ビリヤードにおいて、ストロークは最も気を使うところです。

その一つが、ストロークのスピードです。ストロークのスピードは、基本的にはショットのスピードに比例します。

基本的、と書いたのは、そうならない場合もあるということです。ここを理解しないと、上達は難しいでしょう。

どういうことなのか、考えましょう。


1. ストロークのスピードと強さ

まずその前に、ストロークのスピードを上げるためにしてしまう、よくある勘違いが、強く握る、強く振るという行為です。




これは考えればすぐに分かるのですが、いくら強く握っても、スピードはあがりません。

むしろ、無駄な力が入ってスムーズなストロークが出来ずに、スピードが落ちることすらあります。

ストロークのスピードを上げたい時には、特に脱力を意識してください。


2. ストロークのスピードとショットのスピード

本題である、ストロークのスピードとショットのスピードの関係です。

上述したように、ストロークのスピードを上げるときに、力を入れないように気をつけたとしても、やはり通常のスピードに比べると、速いストロークの時の方が、狙った撞点から外れやすいものです。

ビリヤードのポケットは、その幅が球2つ分あるので、実は数ミリだけ狙いがずれてもポケット可能です。

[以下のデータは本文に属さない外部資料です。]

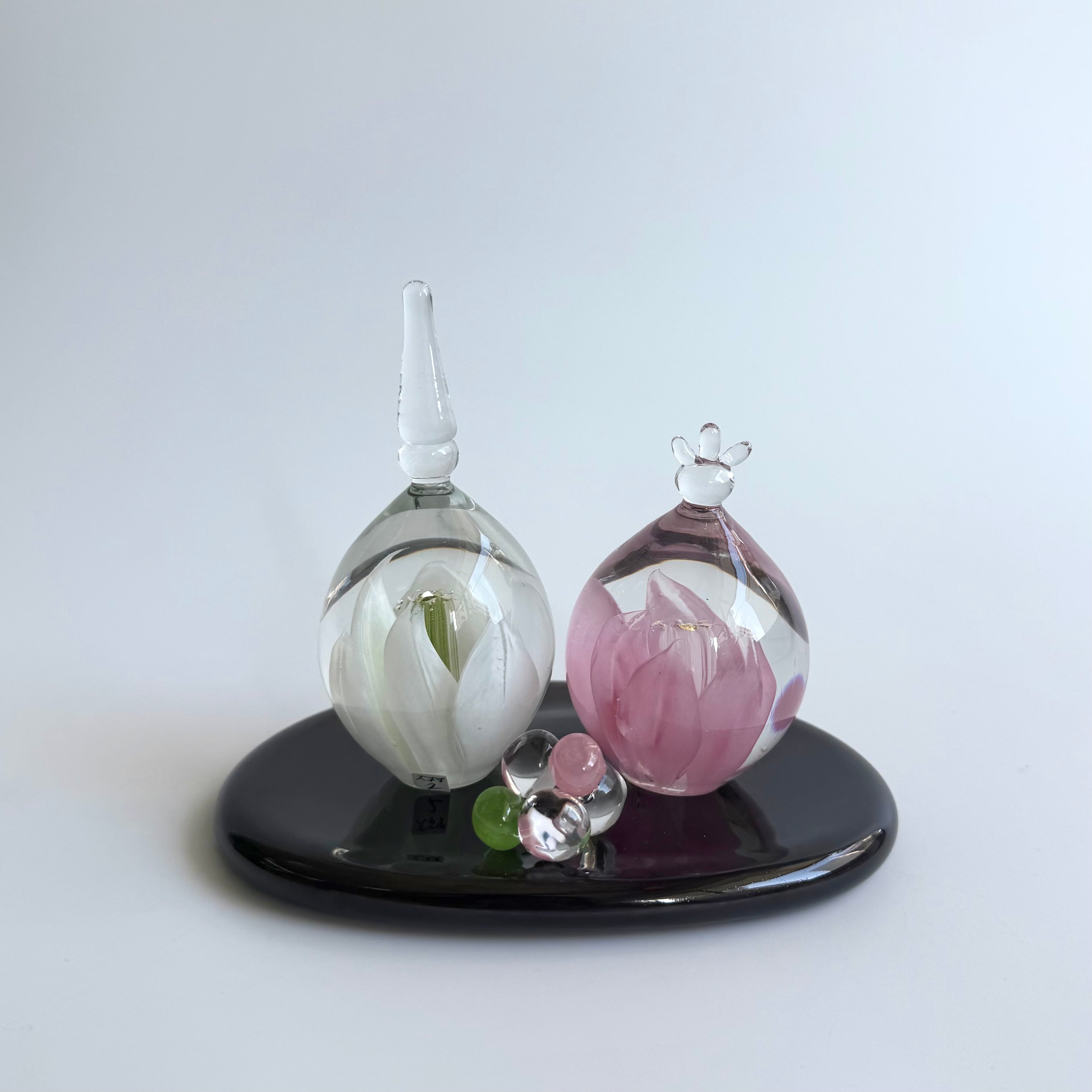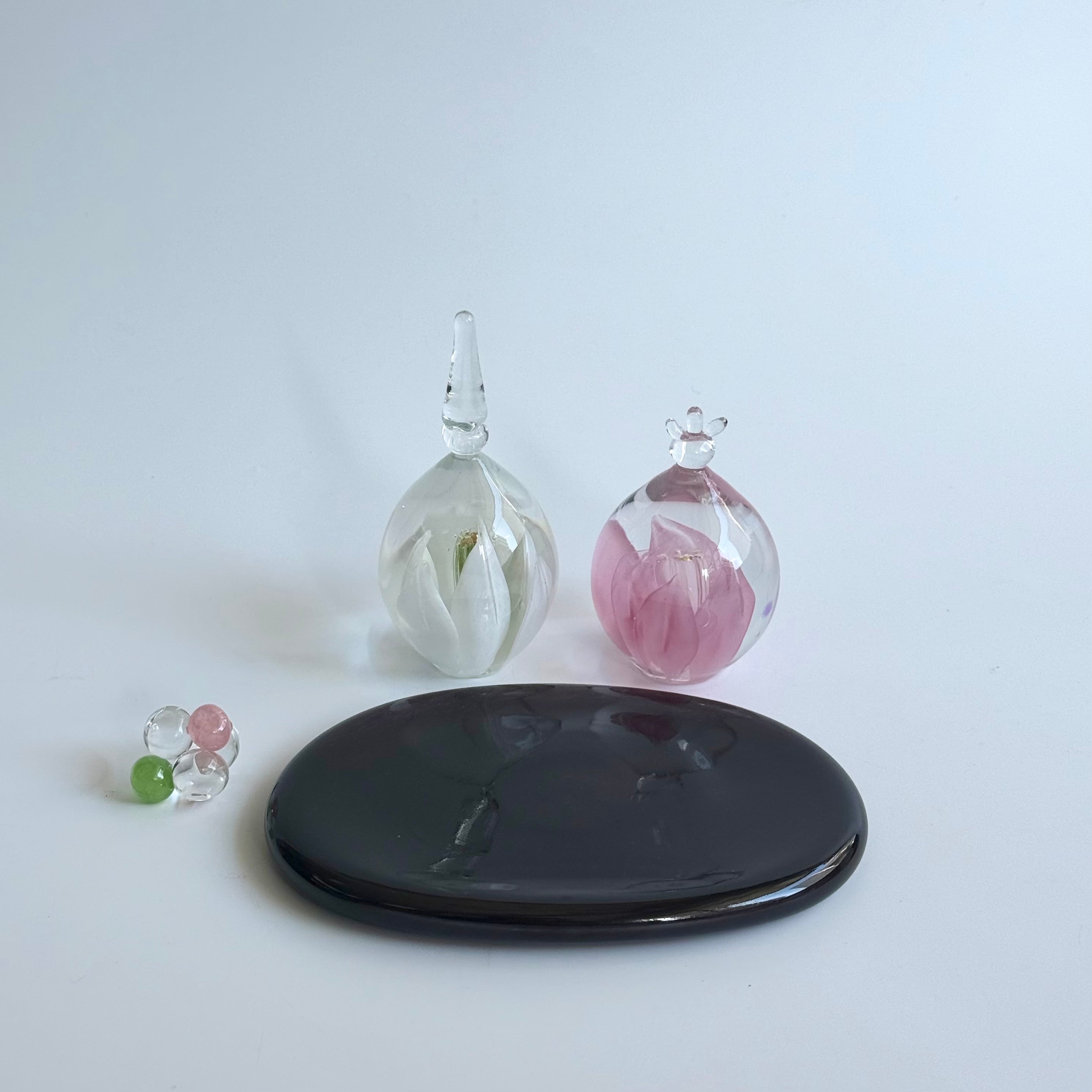 ガラスで作られたお道具、黒台がさらに洗練された印象です。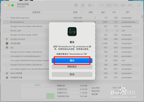 在苹果系统电脑上,通过活动监视器关闭应用程序的方法。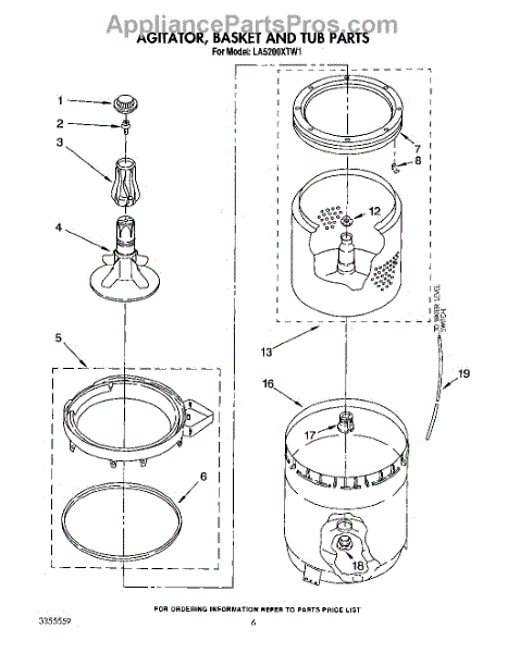 Parts for Whirlpool LA5200XTW1: 05 - Agitator, Basket And Tub Parts
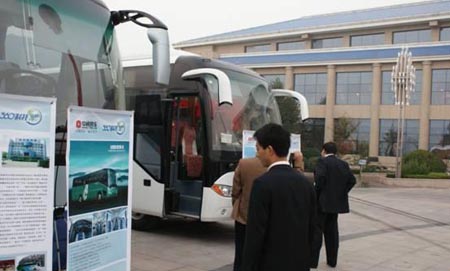 會議現(xiàn)場的中通客車吸引與會領(lǐng)導(dǎo)參觀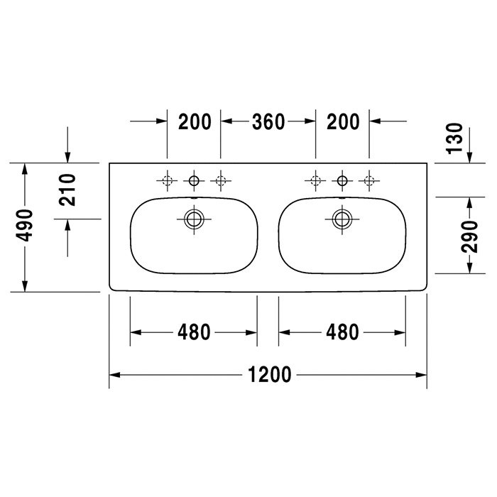 Duravit D-Code Двойная раковина для мебели, с перел., с 3 отв. под смес., 1200x490мм, Цвет: Белый
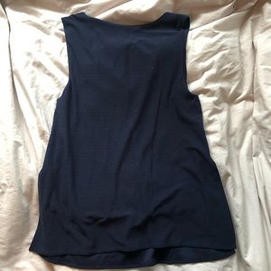 Navy Mango sleeveless flowy blouse in size US XS. Has additional built in lining underneath. Used, but still in good condition! Minor pulling and thread pulls as shown.
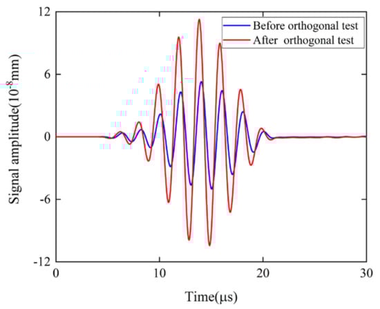 Comparison of the signal amplitude of the butterfly coil EMAT before and after the orthogonal test design.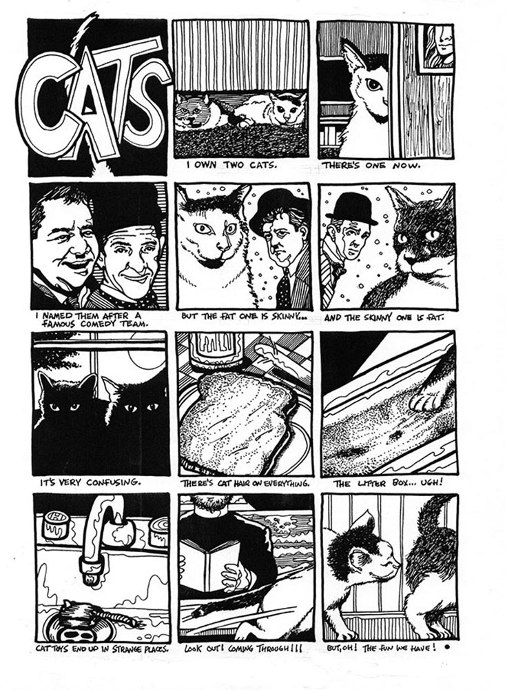 Using my cats as fodder for my comic books was something that started in the very beginning; in fact, the first-ever comics page I wrote and drew was titled simply “Cats” and featured Stan and Ollie. That one-page story appeared in Innocent Bystander #1 (1995), and I did subsequent S&O one-pagers in IB #2. While I didn’t get very many letters or emails in those days, one request did recur: MORE CAT STUFF!, sometimes scrawled in purple crayon with disturbing drawings (okay, I made that part up; sometimes it was red crayon). So after the success of my third issue, which was devoted to the Marx Brothers, I decided my second “themed” issue would be wrapped around Stan and Ollie. One local Pittsburgh comics store sold over 60 copies of that issue, based solely on the poster they hung on their front door. They barely sold more X-Men comics at the time. I thought maybe I had lightning in a bottle, but it turned out I just had a bit of a tempest in a litter box. Still, “The Boys”—as I sometimes called them—were seemingly meant for my comic pages.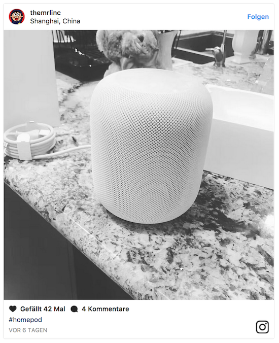 Eigentlich kommt der HomePod erst im September auf den Markt. Und dann auch zunächst nur in den USA, Großbritannien und Australien. Selbstverständlich testen aktuell aber jede Menge Apple-Mitarbeiter bereits den smarten Lautsprecher, was dazu führt, dass er inzwischen auch hin und wieder in freier Wildbahn angetroffen wird. Sicherlich unerfreut dürfte Apple allerdings darüber sein, dass Fotos hiervon inzwischen auch in den sozialen Medien auftauchen. Unter anderem hat ein Nutzer nun ein Foto vom HomePod auf Instagram veröffentlicht, der sich offenbar in dessen Küche befindet. Der Post ist zudem mit dem Standort Shanghai markiert und im Hintergrund sind das Ladegerät und die Verpackung des HomePod zu sehen.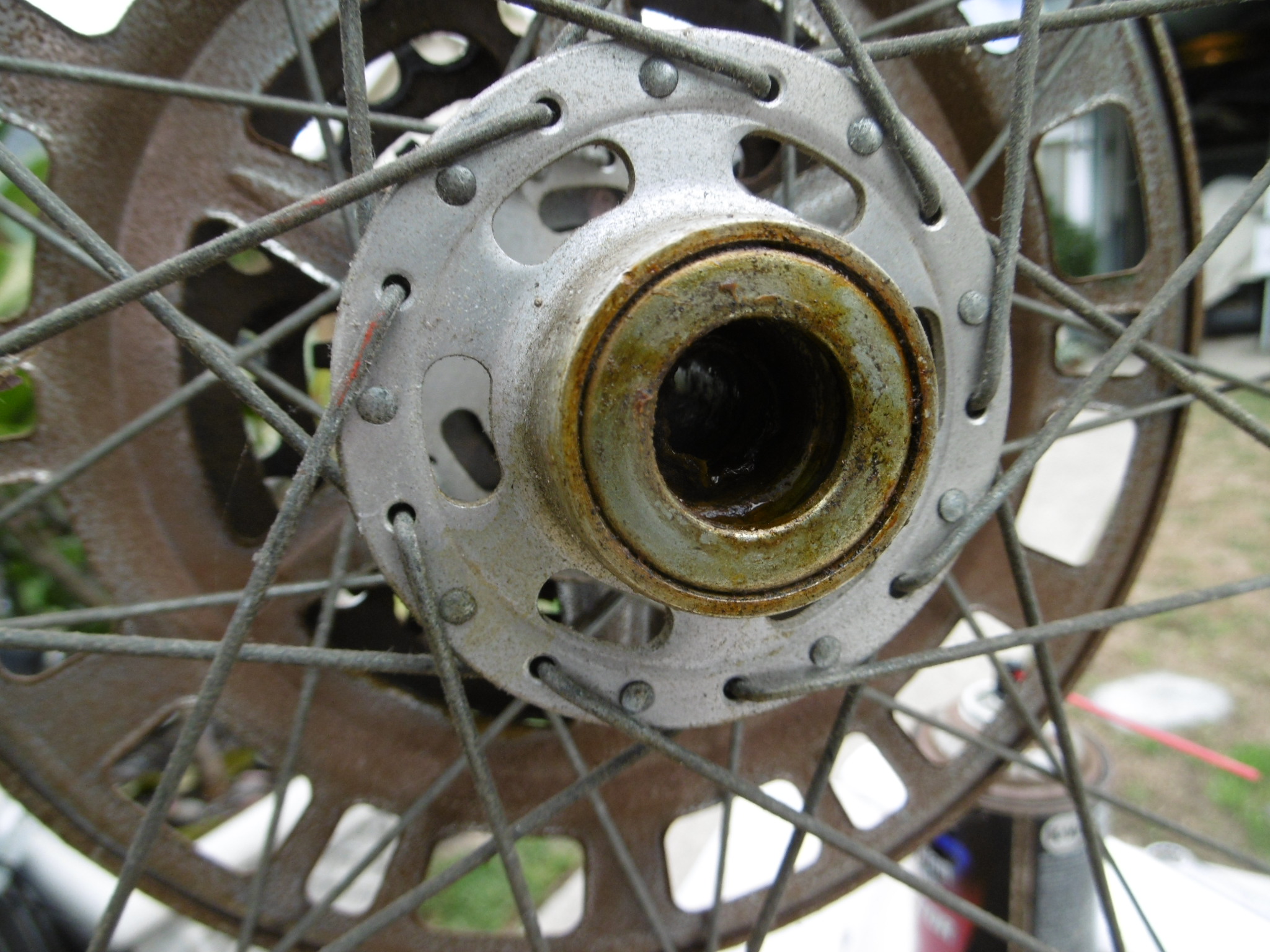Had to clean up the old gum wall residue on the wheels, also cleaned up the old dried-up grease from the races and bearings ... then re-greased them before reassembly (IMG:style_emoticons/default/FERG.gif) Just for reference, I bought this bike in the early 70's, right about the time I bought my first 914 (IMG:style_emoticons/default/cool_shades.gif) |

しかし、その数ミリの違いは手玉のスピードには強く影響します。

ビリヤードは、ポケットすれば良い、という競技ではなく、次の的球を狙いやすい場所に手玉をコントロールする(ネクスト)ことが勝利につながります。

よって、このスピードが変わってしまうということは、ネクストのコントロールができないということになってしまいます。


3. 撞点との関係

つまり、ストロークとスピードとショットのスピードの関係には、撞点が絡んでくるということになります。

上達のために絶対に必要なのは、必ず自分の定めた撞点を、どんなストロークのスピードの時でも誤差なく撞ける、という安定感です。

それが出来るようになったら、ストロークのスピードと、撞点、ショットのスピードの三角関係をしっかり把握することです。

練習では、まず真撞きです。

真撞きでのストロークのスピードとショットのスピードを、何度も撞いて目で確認しましょう。

それを把握できたら、次は撞点を上下にずらします。

このときの注意点ですが、球体は物理上、真ん中と真ん中からタップ0.5個上下にずらしたときのショットスピードの差よりも、真ん中から0.5個と1個の差の方がずっと大きくなります。

これは左右にずらした場合も同じで、右上や左下などを撞いた時は、その差はさらに大きくなります。

自身ではかなりのストロークスピードが出たと思っても、ショットのスピードが遅い、と感じることがあったら、大抵の場合撞点がタップ1個以上真ん中からずれています。

ストロークのスピードと、撞点、ショットのスピードの三角関係をしっかり把握できるまでしっかり練習しましょう。